High throughput screening of biosensors directly in mammalian cells enables live cell imaging and drug screening

by Longwei Liu

Fluorescent biosensors based on fluorescence resonance energy transfer (FRET), a microscope imaging technology that uses fluorescent color changes to measure active molecular actions, have revolutionized biomedical science by enabling the direct measurement of signaling activities in living cells.

However, scientists face a big challenge when developing FRET biosensors—they are largely developed by trial and error, making it cumbersome for scientists to identify high-performance FRET biosensors. Now, bioengineers at the University of California San Diego developed a technology that can identify such biosensors with ease.

The technology, called FRET-Seq platform, is the first to accomplish this feat. It couples FRET signals to next-generation sequencing techniques that are capable of screening large-scale libraries directly in mammalian cells. The FRET readings from single cells expressing the biosensors are then used to screen and sort cells into different groups. The sorted cells then get analyzed by next-generation sequencing, which helps scientists to identify the biosensor sequences.

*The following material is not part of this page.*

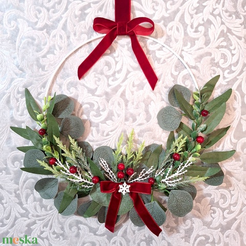 - Anyaga: műnövény, fémkarika, bársony szalag, fafigura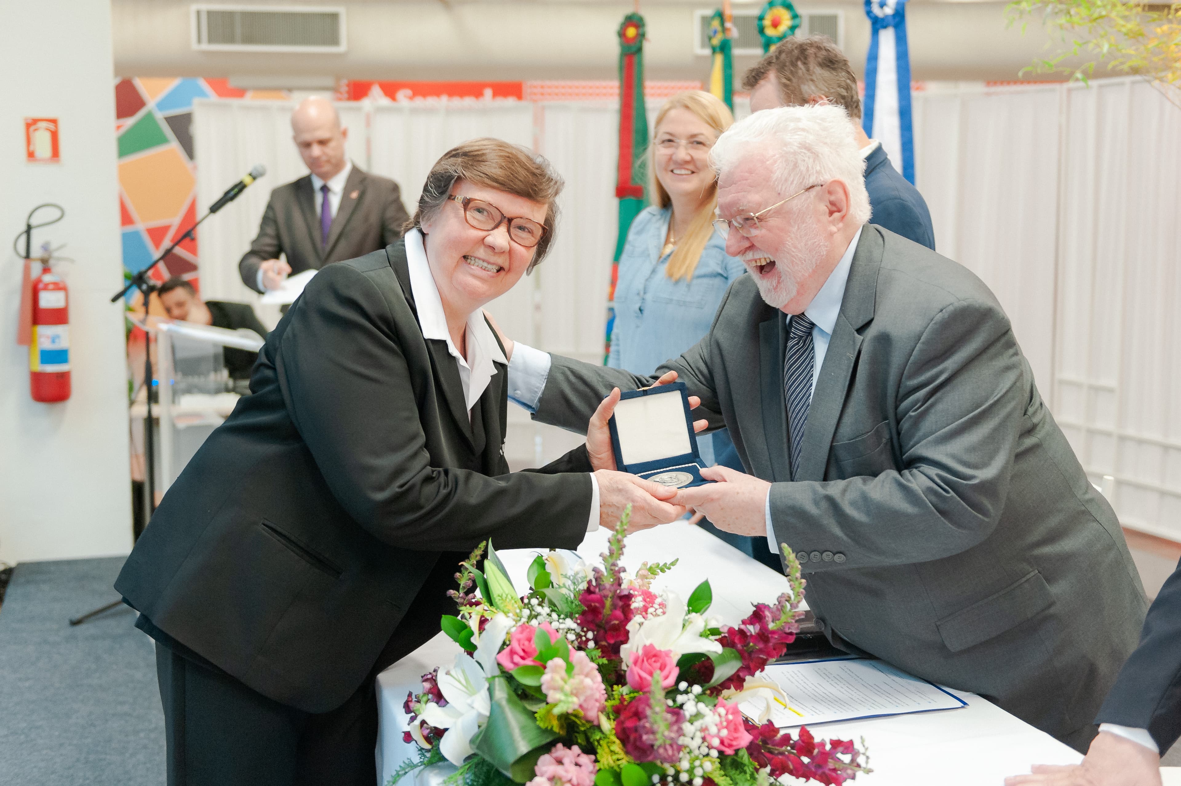 A superintendente da Congregação de Santa Catarina Sandra Pizolatto, a Diretora Geral do Hospital Regina Maria Stoffel (Irmã Cris) e a Diretora Executiva do Hospital Regina Gisele Albaneo, representaram a Instituição na solenidade. “Para nós é uma honra muito grande receber essa homenagem, fruto de parceria com essa instituição tão importante que é a Unisinos para a região. Ficamos muito felizes”, Salientou a Diretora Geral.

The UC San Diego team, led by postdoctoral researcher Longwei Liu and former Ph.D. student Praopim Limsakul from the lab of bioengineering professor Peter Yingxiao Wang, detailed their work in a paper published Aug 19 in Nature Communications.

FRET-Seq also uses a new self-activating FRET (saFRET) design, in which a kinase domain is linked to the conventional biosensor and causes the activation. This design can overcome difficulties in mammalian-cell library screening caused by the heterogenic kinase activities from individual cells. Counter-sorting strategy associated with this design further improves both sensitivity and specificity of biosensors during the screening process.

The biosensors developed through this platform have better sensitivity when applied in live-cell imaging, which allows applications evaluating immune T cell functions and screening drugs. In fact, ZAP70 is a critical kinase involved in many diseases, including autoimmunity, organ transplant rejection, graft-versus-host disease, or B cell CLL. Using the ZAP70 biosensor designed in this work, Liu and colleagues have screened a kinase inhibitor library and identified several inhibitors, including FDA-approved cancer drugs, that can be repurposed to inhibit ZAP70 activity and hence, related autoimmune diseases.

Looking into the future, the team is extending this FRET-seq technology as a general platform for the development of other high-performance and ultrasensitive biosensors for single cell imaging. The team is also integrating the high content screening platforms equipped with fully automated cellular imaging apparatus and analysis algorithms to screen large-scale compound libraries for drug discovery.

Other contributors of this work include: Yan Huang, Reed E. S. Harrison, Tse-Shun Huang, Yiwen Shi, Yiyan Yu, Krit Charupanit, Sheng Zhong, Shaoying Lu, Jin Zhang, and Shu Chien as well as the team of Xianhui Meng and Jie Sun from Zhejiang University.